加载数据(Loading Data (Ingestion))

从此处我们开始研究 Llamaindex 的每个环节,Llamaindex 是一个成熟的开源LLM数据处理方案

使用 SimpleDirectoryReader 加载数据

SimpleDirectoryReader，它可以根据给定目录中的每个文件创建文档。它内置于 LlamaIndex 中，可以读取各种格式，包括 Markdown、PDF、Word 文档、PowerPoint 幻灯片、图像、音频和视频。

    from llama_index.core import SimpleDirectoryReader

    documents = SimpleDirectoryReader("../data").load_data()
    print("documents",documents)

    # 输出

    # documents [Document(id_='cdb7064c-8764-4aaf-b250-9c3ee0a7bc31', embedding=None, 
    #metadata={'file_path': '/Users/zy/work/LN/sourceCode/Python/LamaIndex/LamaIndex/dataloading/../data/paul_graham_essay.txt', 'file_name': 'paul_graham_essay.txt', 'file_type': 'text/plain', 'file_size': 36, 'creation_date': '2024-09-03', 'last_modified_date': '2024-09-03'}, 
    #excluded_embed_metadata_keys=['file_name', 'file_type', 'file_size', 'creation_date', 'last_modified_date', 'last_accessed_date'], #excluded_llm_metadata_keys=['file_name', 'file_type', 'file_size', 'creation_date', 'last_modified_date', 'last_accessed_date'], 
    #relationships={}, 

    #text="Hello Ollama,It's a good local LLM.\n", mimetype='text/plain', 

    #start_char_idx=None, end_char_idx=None, text_template='{metadata_str}\n\n{content}', metadata_template='{key}: {value}', metadata_seperator='\n')]

从数据库中加载文档

    import pymysql
    pymysql.install_as_MySQLdb()

    from llama_index.readers.database import DatabaseReader

    # 初始化 DatabaseReader，使用 MySQL 数据库连接详细信息
    reader = DatabaseReader(
        scheme="mysql",
        host="127.0.0.1",
        port="3306",
        user="root",           # MySQL 用户名
        password="123456",      # MySQL 密码
        dbname="employees"      # 数据库名称
    )

    # 使用查询从数据库加载数据
    documents = reader.load_data(
        query="SELECT * FROM employees LIMIT 10"  # SQL 查询
    )

    # 输出读取的结果
    for doc in documents:
        print(doc)

创建新文档

    from llama_index.core import Document

    doc = Document(text="text")
    print(doc)

转换数据 — 文本切割

加载数据后，需要处理和转换数据，然后再将其放入存储系统。这些转换包括分块、提取元数据和嵌入每个块。这是确保LLM能够检索和最佳使用数据所必需的。

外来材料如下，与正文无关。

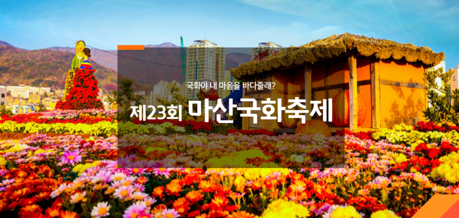 마산국화축제 기간은 2023.10.28(토)-2023.11.06(월) 10일간 열립니다. 시간은 09:00-21:00입니다.
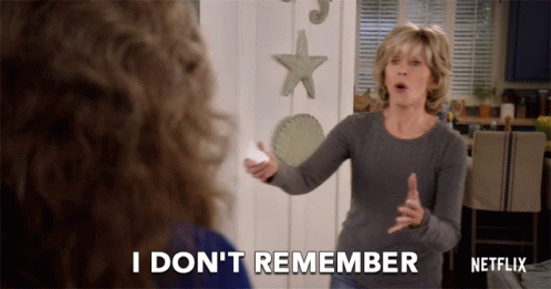 Jane Fonda as Grace says 'I don't remember' in a scene from Grace and Frankie, a Netflix series.
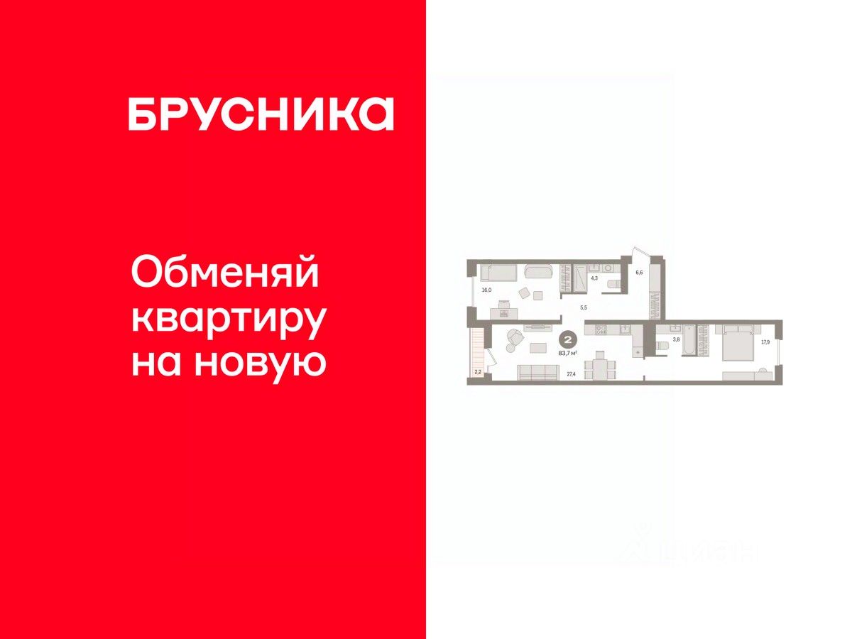 2-комн. квартира с предчистовой отделкой в ЖК "Новин" на 3 этаже. Общая площадь: 83.69 кв.м., жилая: 33.9 кв.м., площадь просторной кухни-гостиной: 27.4 кв.м. Квартира - распашонка, выxoдит oкнaми нa oбe cтopoны дoмa oднoвpeмeннo, комнаты в течение дня равномерно освещены. В квартире одна лоджия, два совмещенных санузла. Высота потолков 2.7 м.
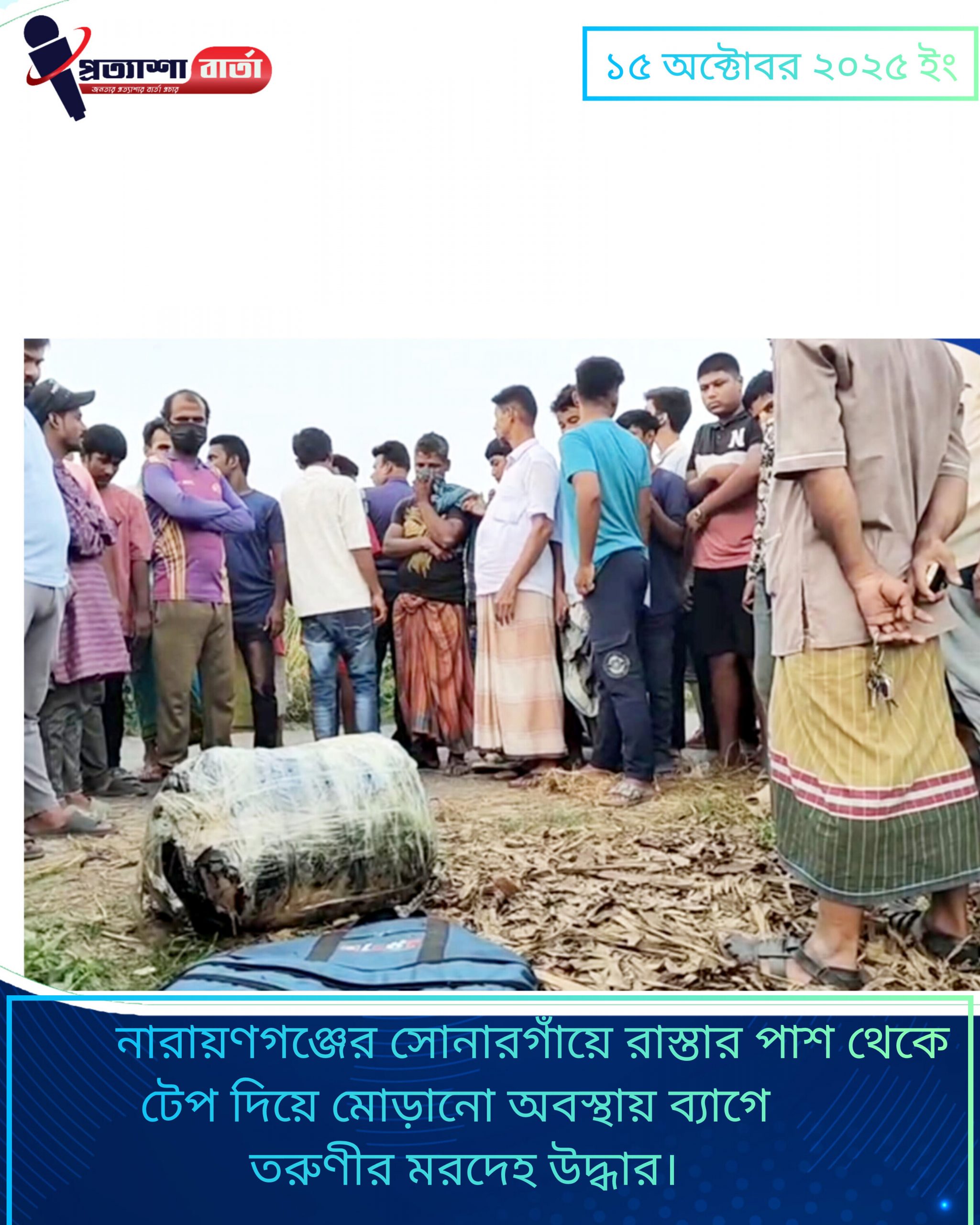 নারায়ণগঞ্জের সোনারগাঁয়ে রাস্তার পাশ থেকে টেপ দিয়ে মোড়ানো অবস্থায় ব্যাগে এক তরুণীর মরদেহ করেছে পুলিশ।

使用简单的文本分割器分割,使用chunk_size控制每个chunk的大小

    from llama_index.core import SimpleDirectoryReader
    from llama_index.core.ingestion import IngestionPipeline
    from llama_index.core.node_parser import TokenTextSplitter

    documents = SimpleDirectoryReader("./data").load_data()

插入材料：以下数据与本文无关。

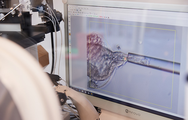 Piezo平头针ICSI技术进行胞浆内单精子注射,16000倍放大显微镜下挑选精子,保证卵子不受损伤,提高受精成功率。
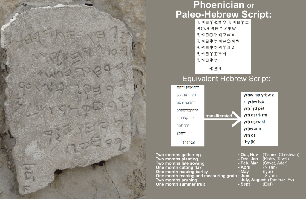 Un hallazgo singular realizado durante las primeras excavaciones de Tel Gezer, entre 1902 y 1907, se trata de una placa de piedra caliza, datada del siglo X AEC. La misma está grabada con lo que se ha denominado el Calendario de Gézer.
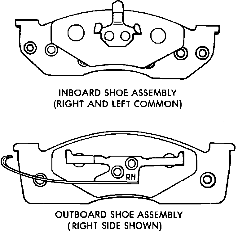 The inboard pads are interchangeable and may be used on either side of vehicle. The outboard pads are not interchangeable and are marked "L" for left side or "R" for right side of vehicle.
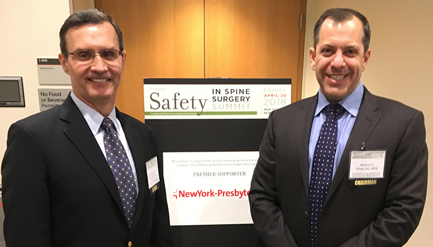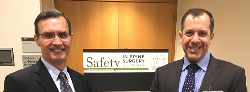 NewYork-Presbyterian hosted the 3rd Annual Safety in Spine Surgery Summit on Friday, April 20, 2018. The event brings together a diverse audience of spine surgeons, OR directors and hospital executives from across the nation to network and learn about the numerous safety and quality advances that are being made in the field. This year’s theme was “Toward New Rules of Engagement for an Increasingly Complex Spine World.” Dr. Michael Vitale (right), Chief of the Pediatric Spine and Scoliosis Surgery at NewYork-Presbyterian/ Morgan Stanley Children’s Hospital chaired the event and was joined by the event’s co-chair Dr. Lawrence Lenke (left), surgeon-in-chief of the Daniel and Jane Och Spine Hospital at NewYork-Presbyterian/Allen.
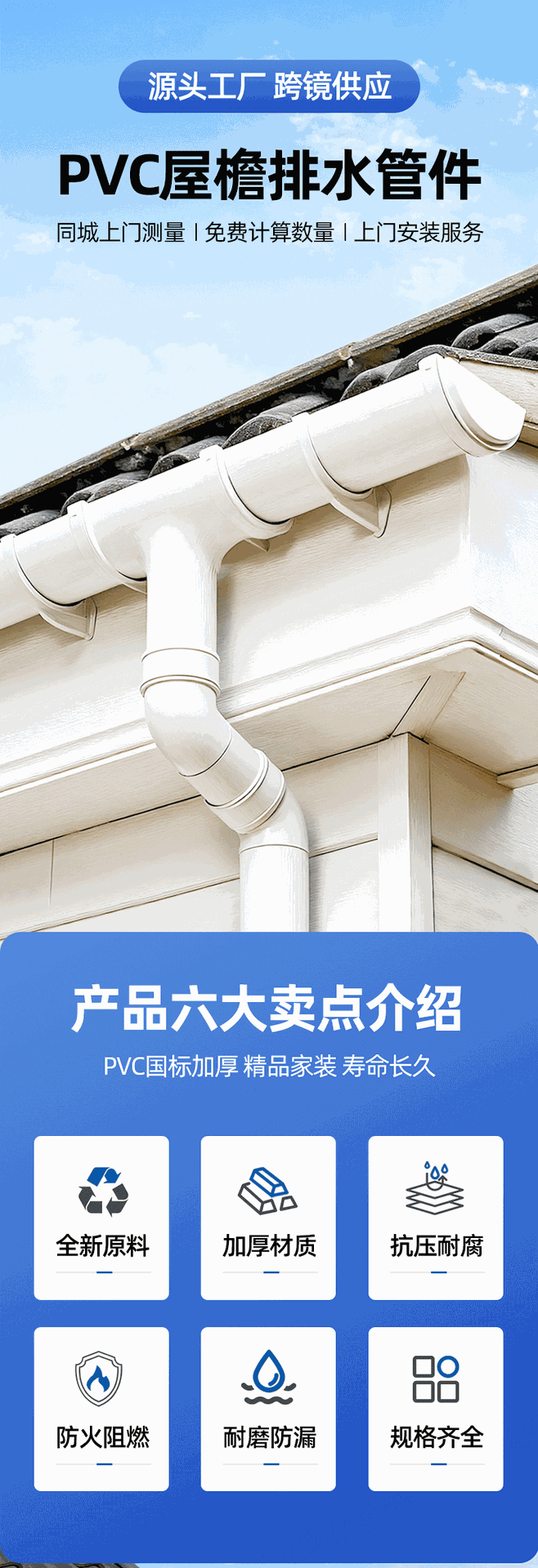 Выход ПВХ полукруглый водосточный желоб Водосточный желоб Вилла дренажная крыша Водосточный желоб Водосточная труба
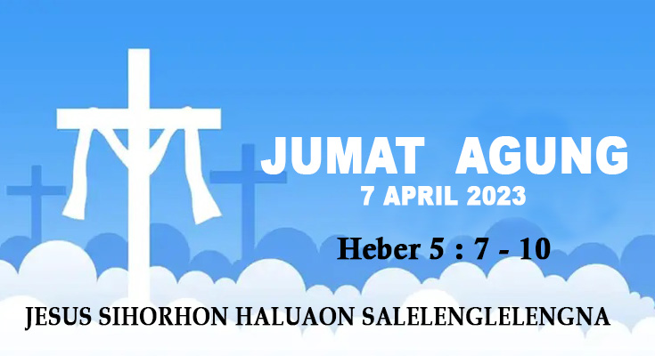 Di Jumat Agung sadarion, marnigot do hita dipangkopkop ni Tuhan Jesus Kristus Sipalua hajolmaon sian dosa dohot hamatean marhite hamamateNai, ibana do Naposo ni Debata na tumaon na bernit alani ni dosanta. Dipaandar tu hita hadirion ni Jesus i uju mangadopi angka sitaonon na bolon i Ibana. Asa gabe tiruan di angka na mangolu ima panindangionta taringot tu haporsuhan nang parungkilon di ngolunta. Debata sandiri nama di bagasan Jesus Kristus na mangggarar utang dosa ni jolma i, asa saut malua jolma sian dosa dohot hamatean. Marhite hamamate ni Jesus natigor i boi hita saor dohot Debata, di patigor Jesus hita tu Debata. Ibana do patupa haulaon diangka naporsea di Ibana. Alani lam naeng tangkas panandaonta di Tuhan Jesus asa lam bagas haporseaonta mangoloi Ibana mandapothon haluaon na manontong i.
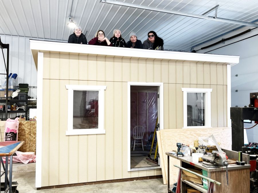 The five local women enrolled in The Youth Employment and Skills Strategy (YESS) program - (seen on the roof of the building above) left- right: Kaitlyn Hatt, Chantelle Wishira, Isabelle Wishira, Lisa Kitchemonia and Jaz Brazeau, spent the last three weeks of their 17-week program applying the practical construction and trade skills they’ve learned.
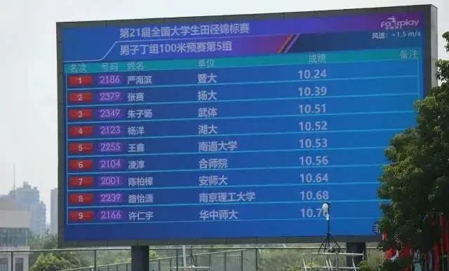 严海滨跑出10秒24(+1.5m/s)的成绩
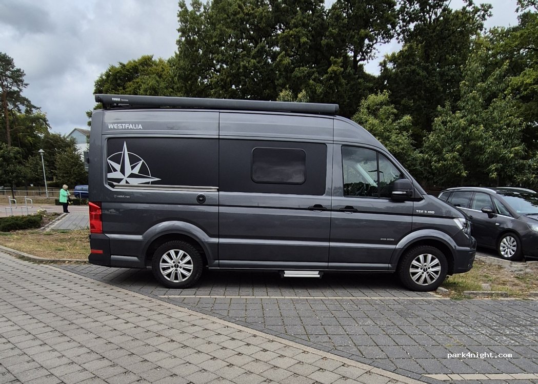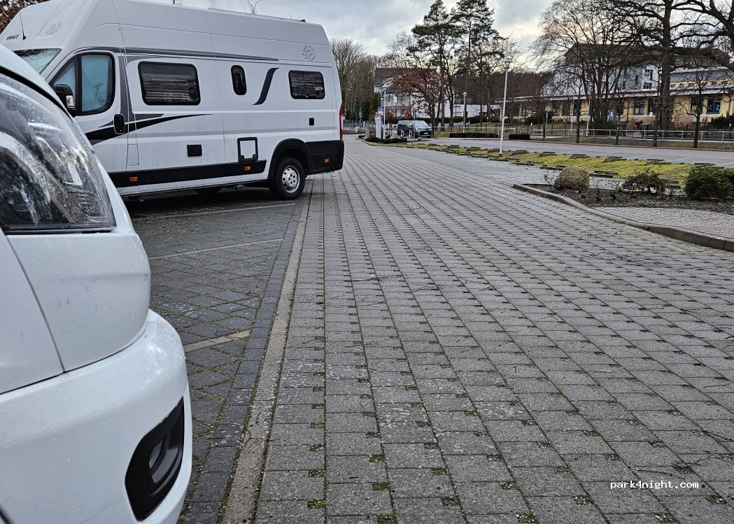 Obwohl der Platz für Womos ausgeschildert ist u. entsprechend höhere Gebühren anfallen (16 EUR/24h, nur Münzen od. per App, teuer) gibt es ausschließlich PKW-Parkflächen. Ruhig. Wir parkten unser knapp 7m-langes Womo rückwärts ein, reichte gerade so, um keinen zu behindern. Leider sind nicht alle Camper rücksichtsvoll u. parken ihre kürzeren Kastenwagen vorwärts, das Heck auf den Fahrtweg ragend.
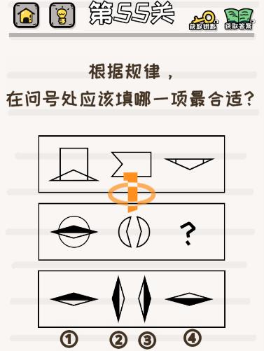 根据规律在问号处应该填哪一项合适是《挑战小学生》第55关的问题,很多网友不知道答案是什么,下面小编给大家带来挑战小学生第55关攻略。

    pipeline = IngestionPipeline(
        transformations=[TokenTextSplitter(chunk_size=512)],
        vector_store=None,  # 可选，用于存储向量化的节点
    )

    nodes = pipeline.run(documents=documents)
    for node in nodes:
        print("node=====>",node.node_id)
        print(node.text)

输出结果:单个文件被切分为多个node

node=====> 68add2da-08a4-4235-93e2-96bec13ec2f8
LangChain 框架介绍
为了方便理解后面的内容，这里先对 LangChain-Chatchat 框架和实现原理做一个简单的介绍。
由于本文非技术向梳理，详细介绍就不展开，感兴趣可参考：https://www.langchain.com.cn/...

node=====> ced158b1-2d0c-4c44-8c86-e81c5dfa958f
基于政策原文的回答是否准确
- 基于政策原文的回答是否全面
- 回答里是否生成了政策原文以外的内容
- 回答是否可靠，不同轮次的回答是否差异大
- 是否支持追问....

索引 & 嵌入(Index & Embedding)

什么是索引

在 LlamaIndex 术语中， Index是由Document对象组成的数据结构，旨在支持LLM查询。您的索引旨在补充您的查询策略。

(Vector Embedding)AKA Embedding

Embedding is a numerical representation of the semantics, or meaning of your text.

用数值表示的语义或含义,相似含义的两段文本具有相似的嵌入(Embedding),即使实际文本完全不同

这种数学关系支持语义搜索，用户提供查询术语，LlamaIndex 可以定位与查询术语含义相关的文本，而不是简单的关键字匹配。这是检索增强生成的工作原理以及LLMs一般运作方式的重要组成部分。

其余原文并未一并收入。